The G20 emerged in the wake of the financial crisis that occurred in Southeast Asia in the late 1990s and serves to engage finance ministers and central bank governors on regulatory issues. Since 2007, it has functioned as a forum for heads of state and governments. Because of coordinated actions spurred by the 2008 global financial crisis, the G20 played an instrumental role in dampening panic and aiding economic recovery. This organization consists of 19 countries commencing across continents and the European Union, which together make up roughly 85% of world GDP. Additionally, non-member countries such as Bangladesh, Singapore, Spain, Nigeria, several international organizations can attend meetings as guests. These include organizations such as WHO (World Health Organization), World Bank, IMF (International Monetary Fund), and United Nations.

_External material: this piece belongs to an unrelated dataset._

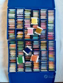 2 scatole blu Kit punto croce Colours Collection contenenti in tutto 296 bobine di cotone di vari colori. 14 matassine di cotone mouliné

WHAT DOES G20 PRESIDENCY ENTAIL?
The G20 is an annually rotating intergovernmental organization covering two separate but related agendas: one steering by finance ministers, the other controlled by emissaries of state leaders of its member countries. After India assumes the presidency, Brazil will take its place in 2024, and then in 2025 South Africa will fill the role. India, during its term, intends to host more than 200 meetings across 50 cities involving various government representatives and individuals from civil society who are leading up to a large summit in New Delhi in September 2023. This summit is expected to be attended by around 30 heads of state from both G20 countries and invited nations.